According to Thanassis Dritsas, an adviser to the Greek Olympic team, music is a natural tonic which can banish fatigue and stress, increase muscle power and boost performance on the day.

In his book Music and Medicine, he praises the use of personal CD players for training purposes and says music “might develop into a technique which, unlike doping, does not run counter to Olympic ideals”.

But he stresses that it has to be the right kind of music. Classical rather than trance; symphonies, not rock.

His studies have been conducted in conjunction with a Greek colleague at London’s Brunel University, Professor Costas Karagiorgis. These show that music can relax athletes before an event and “create a positive training environment that increases their kinetic skills”.

Says Dritsas: “Before every workout there should be 10 to 15 minutes of classical music at a slow, easy pace, so that exercise begins at a low pulse-rate to aid the blood flow to the muscles.”

Live music is actually banned during Olympic competition - except for rhythmic gymnastics and synchronised swimming - but, if the Greek philosophy is right, the message is to stop swallowing the steroids and switch on the Strauss. Music to the ears.

What is new in this? That music works upon the body can be verified by anyone . Why did my dad put on some Tom Jones when he invited my soon-to-be mother home?
It is typical of this age that something that is obvious and can be experienced by anyone daily, only becomes interesting when it is presented as science. Man has succumbed to that most unpersonal of authorities: Science.
I await the time when science tells us that when we awake, we have been asleep.

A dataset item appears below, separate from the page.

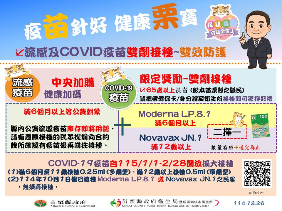 衛生局鼓勵長者接種流感及COVID-19雙疫苗,特別加碼贈送100元衛教品禮券,呼籲縣內今年尚未接種之65歲以上長者,儘速前往18鄉鎮市衛生所接種。相關接種資訊可至疾病管制署全球資訊網或苗栗縣政府衛生局官網查詢,亦可洽詢所在地衛生所。

Can we use different musical tempo’s to help athletes find a new level? I read a post where someone said his athletes seemed like they were stuck in the same comfortable rhythm. Could this be pushed through by playing music of a gradually increasing tempo?

If you want to sabotage the other squad, do you play jazz then?

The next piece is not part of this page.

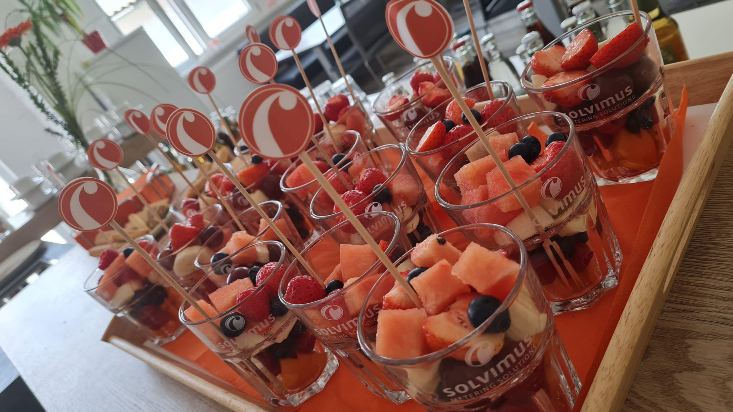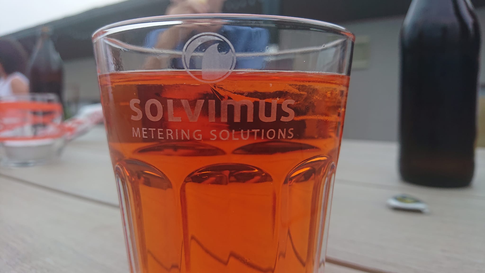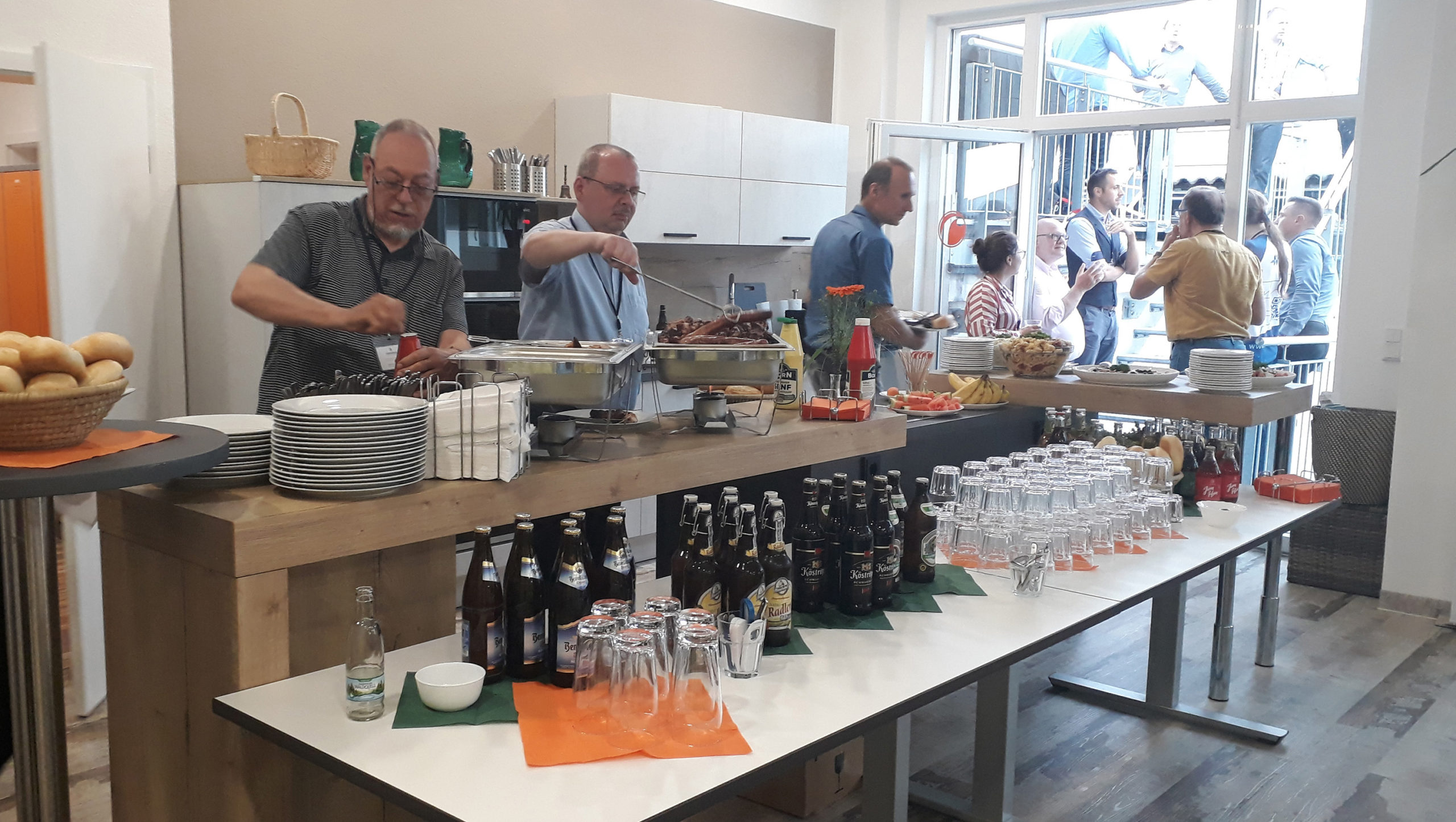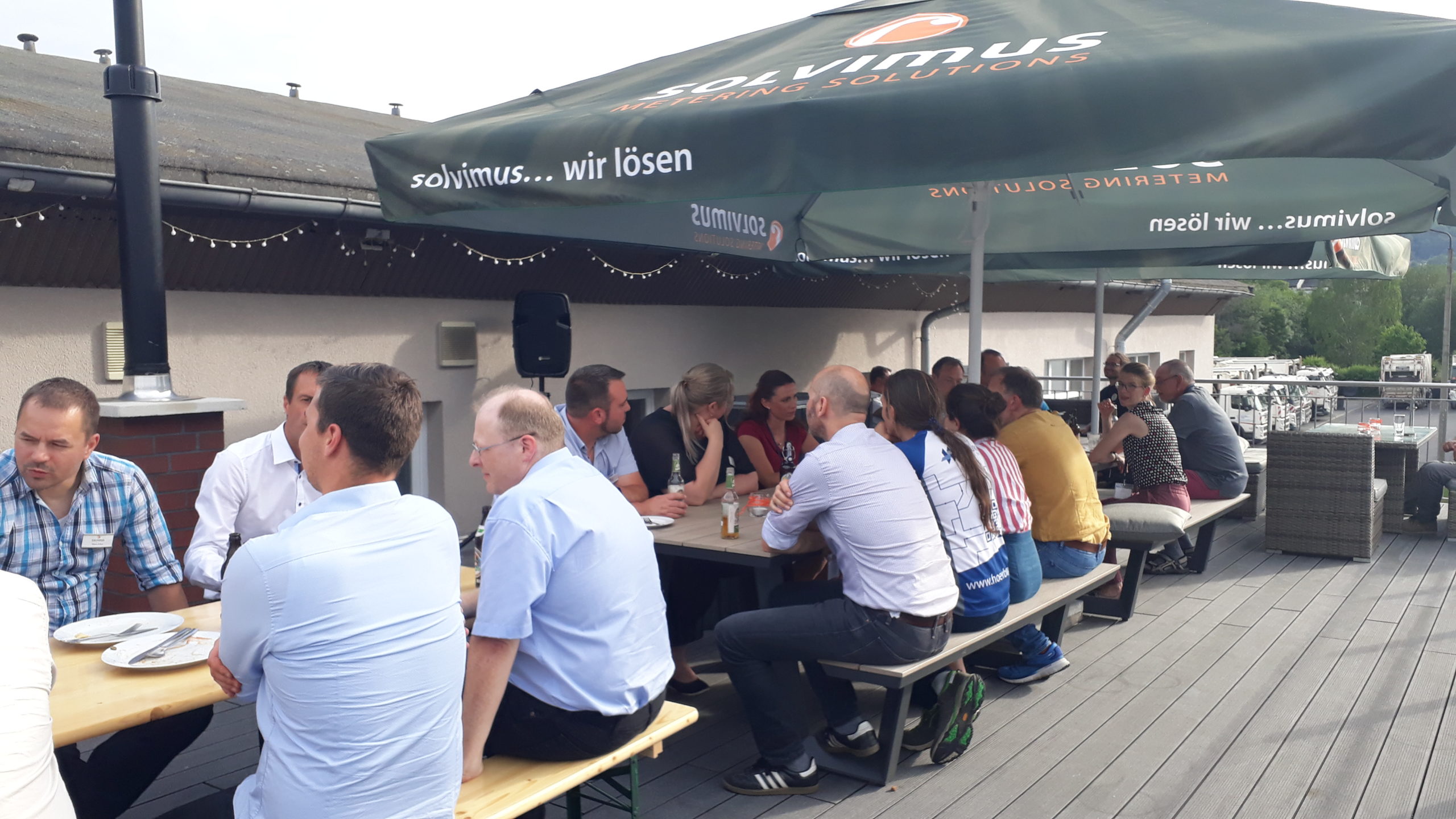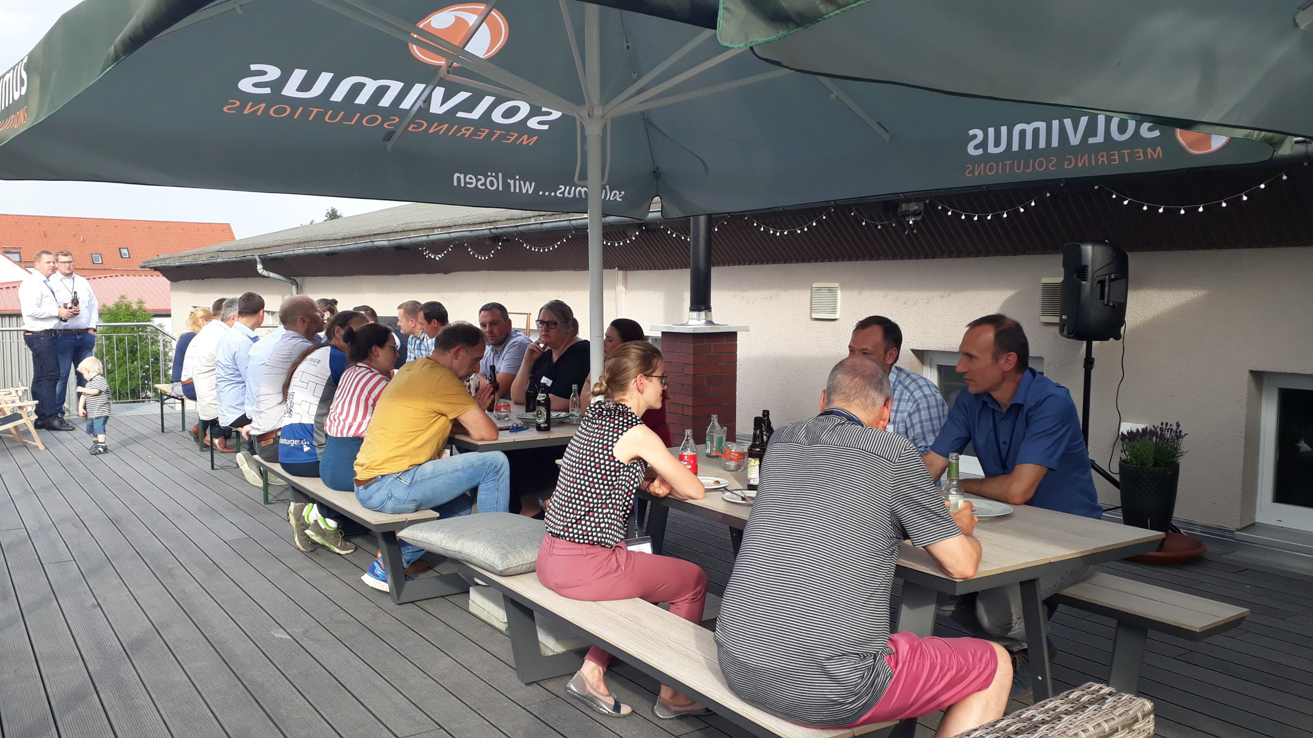 The eventful day faded out on our large outside terrace with an informal get-together and Thuringian barbecue specialities by GOURMET Partyservice. Our “Signature Drink” in solvimus-type orange and brand-labelled glasses added up to chilled beverages and beer.

I’ve seen a lot of headphones over the last few years, but I didn’t know it was Mozart they were listening to!

No. The Carpenters!

Or for me, some head-banger garbage. The gym I lift at does that, and okay, it might get you amped for 20 min., but after that it’s ennervating.

Maybe I’ll try some classical pre-practice. I already listen to soothing music after for recovery.

How about the Yanni man? To quote Dave Attell, “First of all, any guy that looks like a magician and doesn’t do magic, I don’t like!!”

The fact that music has an effect is taken for granted by the researchers, and the majority of people on the planet. He is not doing this research to show this, but to argue ‘music [i]s the best stimulant for sporting success’.